#### [REQUIRED WORK]
All entries are to be transcribed exactly. Pictures are not part of the copy.

Records contained in a dataset
=== Section Start ===

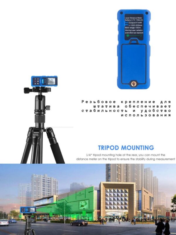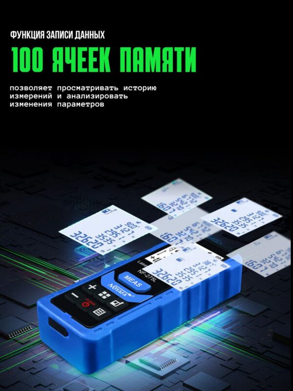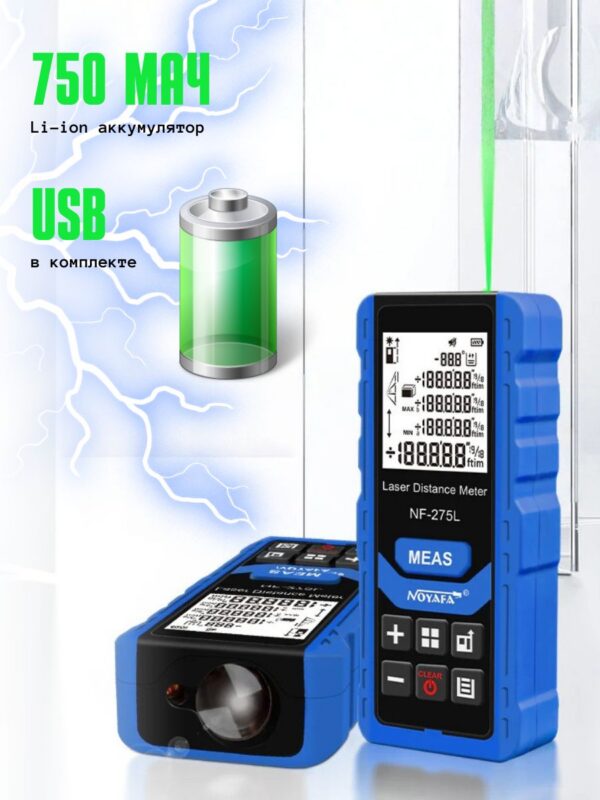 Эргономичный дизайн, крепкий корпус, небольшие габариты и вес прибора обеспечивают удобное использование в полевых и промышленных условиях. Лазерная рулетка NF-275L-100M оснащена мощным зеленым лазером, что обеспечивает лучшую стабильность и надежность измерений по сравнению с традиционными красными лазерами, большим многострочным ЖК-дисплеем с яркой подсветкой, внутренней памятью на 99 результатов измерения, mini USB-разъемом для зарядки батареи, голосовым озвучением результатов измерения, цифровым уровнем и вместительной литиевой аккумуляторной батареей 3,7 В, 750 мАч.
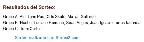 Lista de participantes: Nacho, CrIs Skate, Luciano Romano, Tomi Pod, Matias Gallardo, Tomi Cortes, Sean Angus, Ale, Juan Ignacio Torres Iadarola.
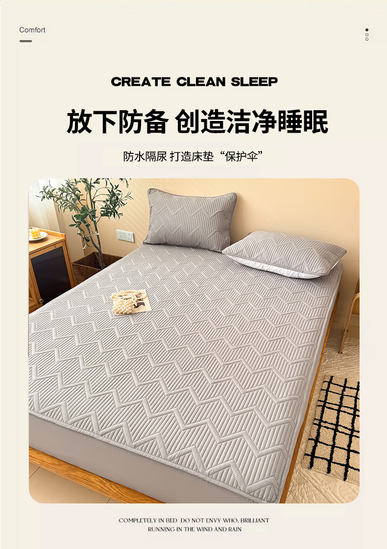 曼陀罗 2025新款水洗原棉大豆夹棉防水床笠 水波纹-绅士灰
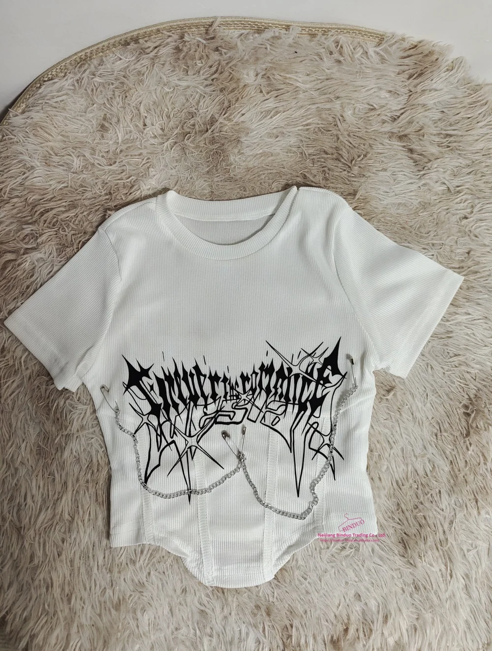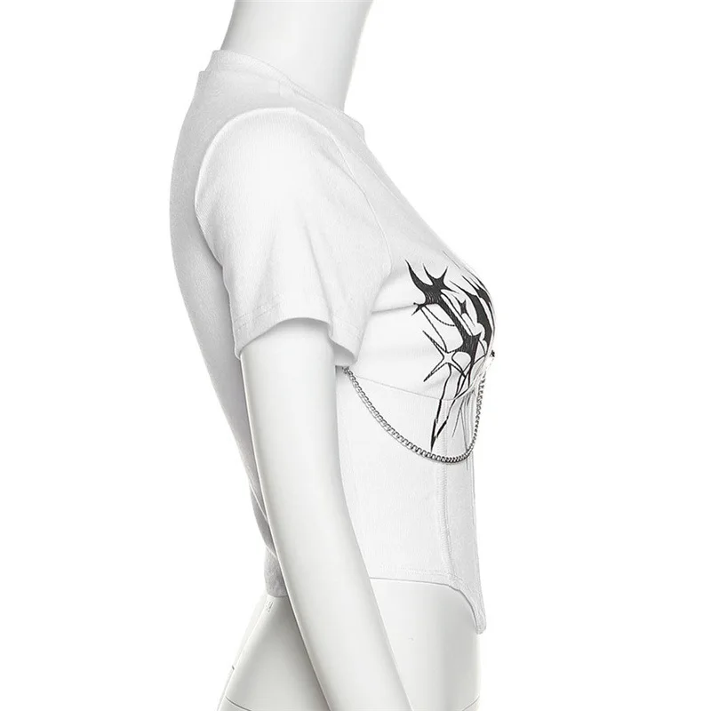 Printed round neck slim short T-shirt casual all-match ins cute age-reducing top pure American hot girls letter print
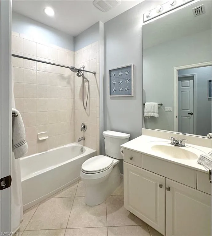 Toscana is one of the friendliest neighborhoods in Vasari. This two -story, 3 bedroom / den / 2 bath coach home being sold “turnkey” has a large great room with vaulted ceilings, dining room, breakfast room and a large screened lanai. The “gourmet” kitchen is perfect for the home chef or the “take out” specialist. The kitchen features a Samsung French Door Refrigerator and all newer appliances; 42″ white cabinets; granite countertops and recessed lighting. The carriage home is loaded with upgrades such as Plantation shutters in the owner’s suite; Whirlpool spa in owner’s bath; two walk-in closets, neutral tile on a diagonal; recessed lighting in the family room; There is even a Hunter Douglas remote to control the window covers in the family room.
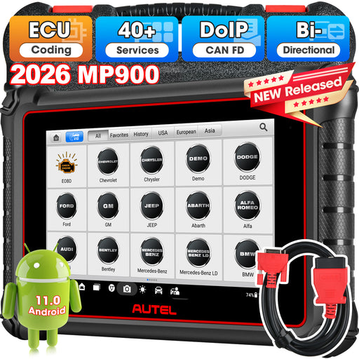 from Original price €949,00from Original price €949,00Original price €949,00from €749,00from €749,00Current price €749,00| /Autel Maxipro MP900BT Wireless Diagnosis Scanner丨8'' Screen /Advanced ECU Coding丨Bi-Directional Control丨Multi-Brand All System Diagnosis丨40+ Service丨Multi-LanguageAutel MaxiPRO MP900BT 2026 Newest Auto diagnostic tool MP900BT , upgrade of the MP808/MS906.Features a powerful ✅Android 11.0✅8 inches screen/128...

=== Section End ===

#### [ANSWER BOX]
 Эргономичный дизайн, крепкий корпус, небольшие габариты и вес прибора обеспечивают удобное использование в полевых и промышленных условиях. Лазерная рулетка NF-275L-100M оснащена мощным зеленым лазером, что обеспечивает лучшую стабильность и надежность измерений по сравнению с традиционными красными лазерами, большим многострочным ЖК-дисплеем с яркой подсветкой, внутренней памятью на 99 результатов измерения, mini USB-разъемом для зарядки батареи, голосовым озвучением результатов измерения, цифровым уровнем и вместительной литиевой аккумуляторной батареей 3,7 В, 750 мАч.
 Lista de participantes: Nacho, CrIs Skate, Luciano Romano, Tomi Pod, Matias Gallardo, Tomi Cortes, Sean Angus, Ale, Juan Ignacio Torres Iadarola.
 曼陀罗 2025新款水洗原棉大豆夹棉防水床笠 水波纹-绅士灰
 Printed round neck slim short T-shirt casual all-match ins cute age-reducing top pure American hot girls letter print
 Toscana is one of the friendliest neighborhoods in Vasari. This two -story, 3 bedroom / den / 2 bath coach home being sold “turnkey” has a large great room with vaulted ceilings, dining room, breakfast room and a large screened lanai. The “gourmet” kitchen is perfect for the home chef or the “take out” specialist. The kitchen features a Samsung French Door Refrigerator and all newer appliances; 42″ white cabinets; granite countertops and recessed lighting. The carriage home is loaded with upgrades such as Plantation shutters in the owner’s suite; Whirlpool spa in owner’s bath; two walk-in closets, neutral tile on a diagonal; recessed lighting in the family room; There is even a Hunter Douglas remote to control the window covers in the family room.
 from Original price €949,00from Original price €949,00Original price €949,00from €749,00from €749,00Current price €749,00| /Autel Maxipro MP900BT Wireless Diagnosis Scanner丨8'' Screen /Advanced ECU Coding丨Bi-Directional Control丨Multi-Brand All System Diagnosis丨40+ Service丨Multi-LanguageAutel MaxiPRO MP900BT 2026 Newest Auto diagnostic tool MP900BT , upgrade of the MP808/MS906.Features a powerful ✅Android 11.0✅8 inches screen/128...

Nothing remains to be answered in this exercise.